Commentaries (some of them cheeky or provocative) on economic topics by Ralph Musgrave. This site is dedicated to Abba Lerner. I disagree with several claims made by Lerner, and made by his intellectual descendants, that is advocates of Modern Monetary Theory (MMT). But I regard MMT on balance as being a breath of fresh air for economics.
Thursday, 23 November 2017
The bizarre failure of productivity to improve in construction.
In the last 20 years, productivity in Germany and Japan has not risen at all. In France and Italy it’s fallen by one sixth. And in the US it’s halved since the late 1960s. That’s according to this Economist article. Absolutely hopeless.!!!!
According to the Economist, the industry has become LESS capital intensive because builders are put off investing by boom and bust. It has also failed to consolidate. Another significant problem is different building codes in different parts of the same country.
However, we had boom and bust 50 years ago, and presumably also different building codes in different parts of the same country. So neither of those strike me as good explanations.
The Economist rightly considers mass production pre-fab as a possible solution.

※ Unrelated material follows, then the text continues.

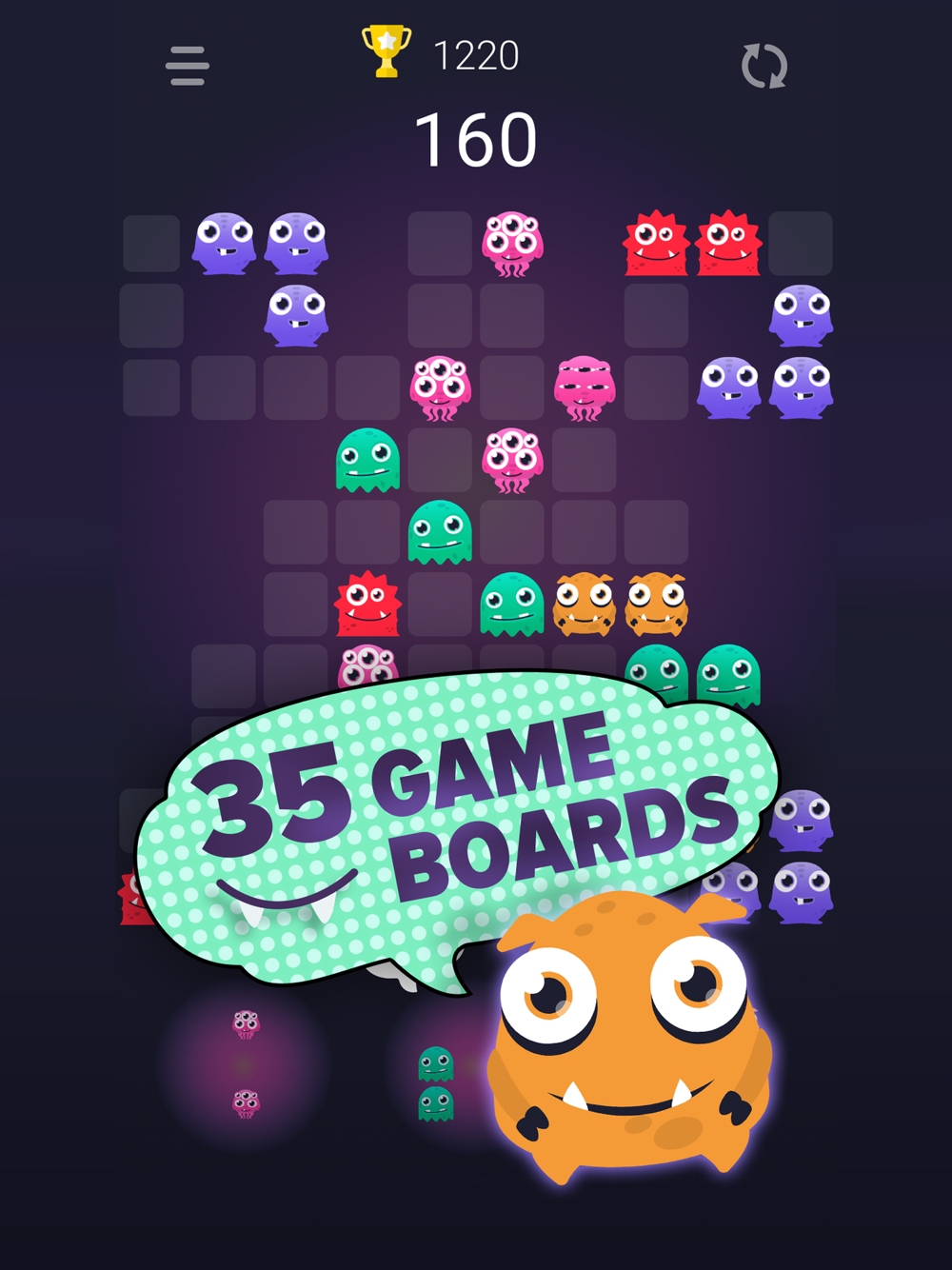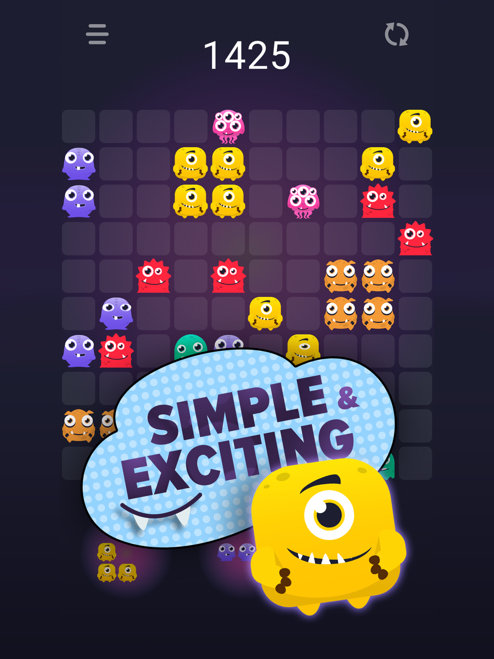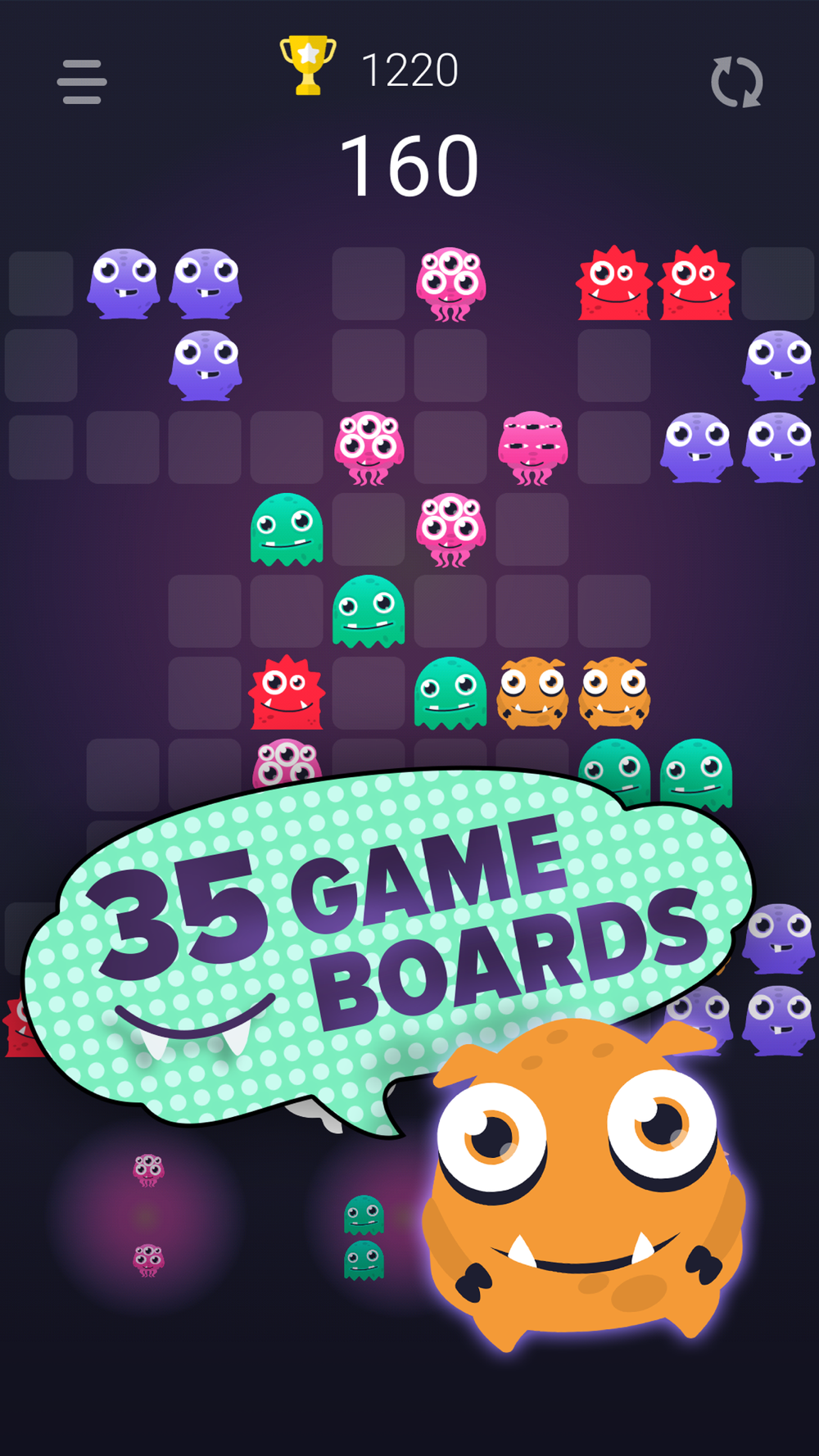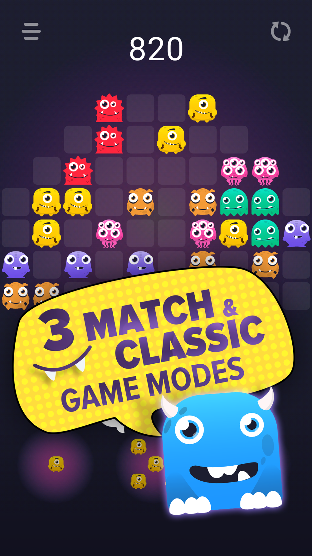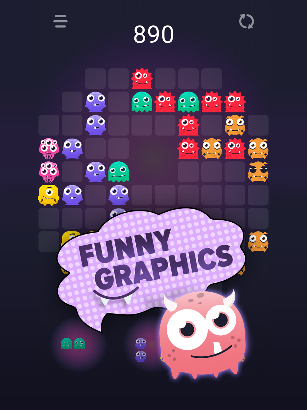 Monstro Puzzle Match 3 - Fascinating, fun, relaxing block puzzle game with monsters. The game works without the Internet connection, it's free, has no time limit and has two game modes. Suitable for all ages, both for adults and children. The game is very addictive!

Strikes me that will never really get off the ground in a big way absent very very large scale mass production of apartment units.
The head of one of the UK’s largest construction firms said a few decades ago at a House of Commons investigation into this that the scale of investment needed to really reap the benefits of mass produced apartment units would require more money than an individual firm could come up with. Unfortunately I forget his name or the firm he worked for.
Possibly this is an area where Mariana Mazzucato’s ideas on entrepreneurial governments might work. For all the tens of thousands of words she writes, she seems a bit short of actual examples of where the entrepreneurial state idea would pay dividends.
On the other hand, it may be that productivity improvements are just not possible at the moment. After all, the typical house is constructed much the same way as in Roman times: one brick or stone plonked on top of another with mortar in between, plus wooden floor joists and wooden floor boards, plus tiles on the roof.